Angka yang mencengangkan di kepala Kita semua saat melihat jumlah orang yang ikut berjihad bersama ISIS tidak jauh berbeda antara Negara yang mayoritas beragama Islam ataupun Negara yang pemeluk Islamnya sedikit. Film dokumenter Jihad Selfie menyampaikan dengan baik angka pengikut ISIS di Australia sebanyak 350-an orang, Indonesia 300-an orang dan Malaysia 200-an orang. Ideologisasi dan ajakan untuk berjihad lewat ISIS menyebar begitu cepat ke orang-orang yang punya latar belakang yang berbeda, tetapi di usia yang masuk dalam kategori surplus saat terjadi bonus demografi.
Film dokumenter ini disutradarai oleh Noor Huda Ismail, penulis buku Temanku Teroris (2010), buku yang belum pernah saya lihat wujudnya apalagi membacanya. Syukurlah di sesi diskusi screening film ini sang sutradara menjelaskan perjalanan hidupnya saat masih nyantri di Ngruki, sempat ber-HMI, proses penyusunan naskah buku Temanku Teroris, hingga pendidikan dan perjalanan intelektualnya yang banyak melacak bagaimana benih-benih radikalisme tumbuh di anak-anak muda hingga menjadi teroris dan peran sinematik yang harus hadir sebagai media perubahan sosial. 

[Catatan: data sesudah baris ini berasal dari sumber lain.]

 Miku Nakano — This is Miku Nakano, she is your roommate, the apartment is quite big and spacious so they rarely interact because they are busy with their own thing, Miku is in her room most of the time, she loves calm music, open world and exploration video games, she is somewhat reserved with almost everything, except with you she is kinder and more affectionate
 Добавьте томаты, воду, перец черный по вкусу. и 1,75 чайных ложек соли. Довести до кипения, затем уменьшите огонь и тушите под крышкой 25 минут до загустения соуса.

Jihad Selfie, menghadir-hidupkan kesaksian dari anak muda calon kombatan ISIS yang ditemui sang sutradara saat berada di kedai kebab kota Istanbul, Kaesari, Turki. Gestur khas orang Indonesia mengakrabkan dengan cepat Noor Huda dengan Teuku Akbar, pemuda tanggung asal Aceh yang menempuh pendidikan di pesantren di Turki. Jarak dari Turki untuk menyeberang ke Syiria hanya dengan menebus 100 lira. Rute yang regular dilewati bagi orang yang hendak ke Syiria. Termasuk ketiga teman Akbar yang menganggap dirinya syahid karena telah jihad bersama ISIS, Yazid, Bagus dan Wildan. Kedua temannya ini tewas pada serangan yang dilakukan di Syiria.

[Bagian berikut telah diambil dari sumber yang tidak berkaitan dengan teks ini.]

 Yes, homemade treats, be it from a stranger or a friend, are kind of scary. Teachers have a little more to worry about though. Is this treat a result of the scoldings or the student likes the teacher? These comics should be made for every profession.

Akbar, Yazid, Bagus dan Wildan terinspirasi untuk sangat radikal karena melihat dari sosial media, model kampanye yang juga dilakukan ISIS sejak mendeklarasikan diri. Akbar mengakui sangat bimbang ketika melihat begitu “laki”-nya sahabatnya Wildan saat berfoto dan memeluk AK-47. Dialektika teologis bukan lagi menjadi satu-satunya motif seseorang untuk memilih sikap politik “El Terorismo”, jalan radikal dan jihad menjadi “beyond religion”. Sang sutradara meyakini bahwa sosial media sebagai media propaganda dan kampanye bergeser menjadi pendukung yang aktif. Sebelum marak, sosial media menjadi pendukung yang pasif dalam merespon setiap isu. Kampanye Jihad melalui sosial media yang dilakukan oleh ISIS menyasar anak muda yang asyik dengan dunia maya dan selalu memilih sendiri/asosial terhadap lingkungan sekitarnya. Wildan sebagai sosok anak muda yang pendiam, melakukan aksi bom bunuh diri di Irak atas nama ISIS.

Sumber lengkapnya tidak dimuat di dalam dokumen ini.